I can imagine multiple ways that dbt could theoretically be modified in order to output this type of data structure in a more idiomatic way, but this is far enough from dbt's standard paradigm today that I don't want to be prescriptive here: I legitimately don't know what the ideal answer is from either a dbt user's perspective or from a technology perspective. Instead, I just want to flag this as a real need—one that I have personally felt on recent projects and have spoken to several teams who would get value out of this. Currently, those teams are employing some fascinating hacks to end-around dbt's inability to handle this type of data structure by escaping to Python and Airflow.

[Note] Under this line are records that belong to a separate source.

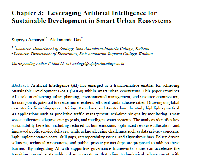 | Aug, 2025 | Technology, Law, and Management for Smart Societies, Artificial Intelligence, Digital Transformation, and Governance Perspectives-01 | Leveraging Artificial Intelligence for Sustainable Development in Smart Urban Ecosystems | Deep Science | 978-93-7185-368-2 | Document |
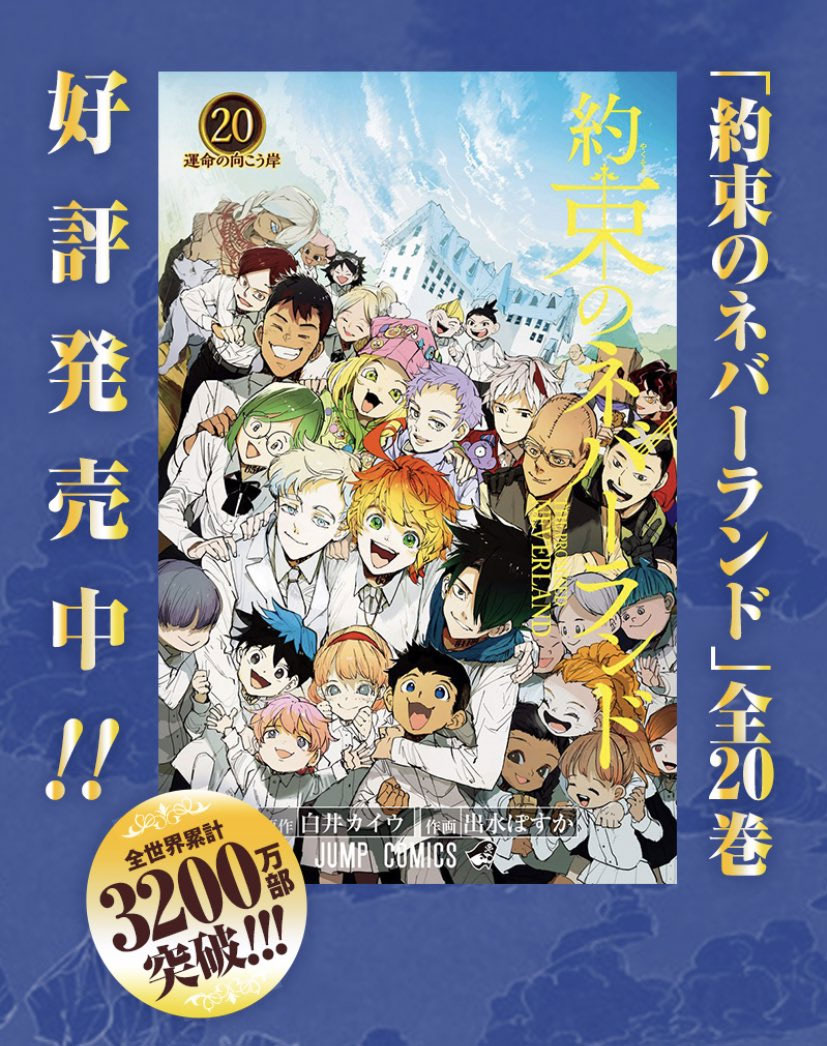 A través de una imagen promocional, se ha revelado que el manga Yakusoku no Neverland (The Promise Neverland) ha logrado alcanzar la cifra de 32 millones de copias en circulación. Esta cifra corresponde a las copias en circulación de los 20 volúmenes del manga original (incluyen las copias digitales y físicas) y también del spin-off de la franquicia titulado Oyakusoku no Neverland.
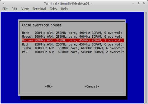 You'll be offered six overclocking options. Each offers an increasing level of speed—and heat. Although the RPi 2 Model B is rated at 900MHz, I went ahead and chose the Medium overclock preset, which offers 900MHz ARM, 250MHz core, 450MHz SDRAM and 2 overvolt (Figure 4).
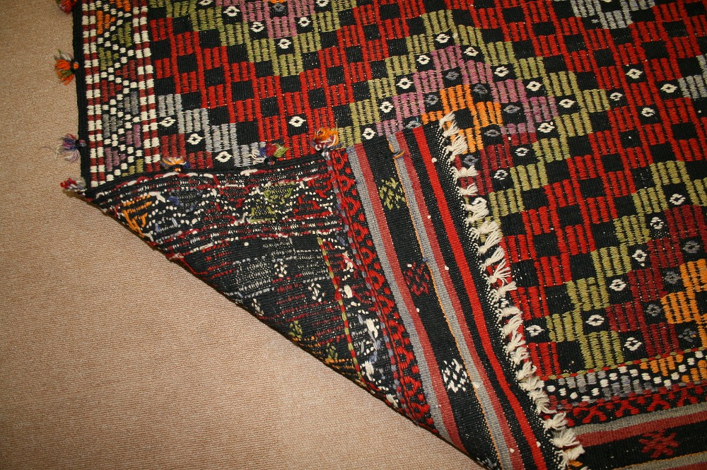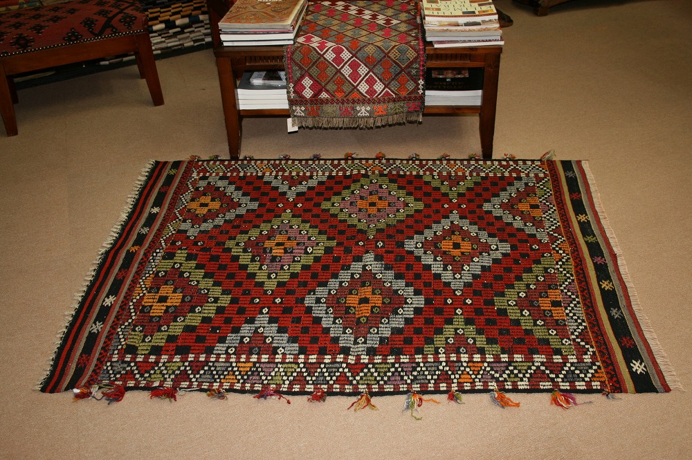 40~50年前のものです。繊細な織りと、大胆なデザインデと色彩。一枚あるだけで、オリジナリティあふれる空間をつくり出してくれます。本キリムに使用の糸は、すべて草木染めです。機械織りとは異なり、暖かみが伝わるハンドメイドです。
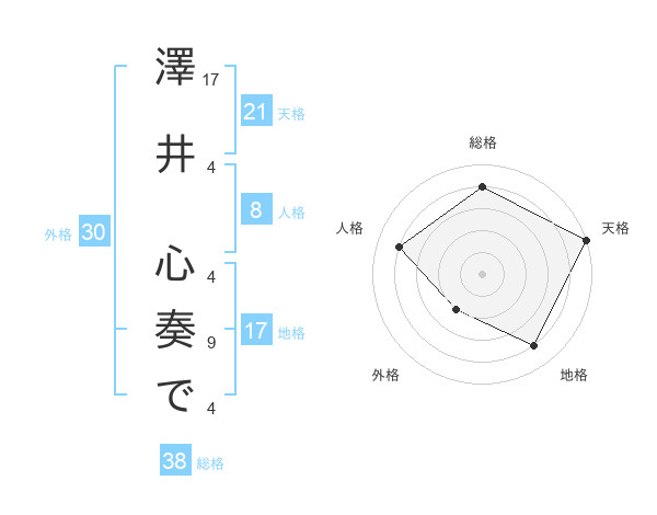 澤井 心奏でさんを姓名の画数から五運を鑑定

Why would anyone want to use this?

Sharded tables create essentially one additional level of abstraction to store very large datasets. While modern optimizers are often pretty good at minimizing costs and runtime of queries on very large tables, manually sharding these tables allows analytics engineers to be more explicit about what data they want to scan in a given query and thus control performance and costs more explicitly.
Sharded tables create more fine-grained levels that can have database permissions applied. For instance, it is possible to shard a large table on a region id and then only grant employees in a particular region to select from the shard associated with that particular region, while employees in HQ can select from all regions.
In practice, many source datasets are already sharded, and it is often optimal to deal with them in this format rather than forcing these datasets to be unioned together prior to being operated on within dbt.

Who will this benefit?

This will benefit dbt users who are using dbt to process large tables, typically 50GB+ but often 1TB+, who want to apply the fairly common data engineering design pattern of sharding data into multiple physical tables.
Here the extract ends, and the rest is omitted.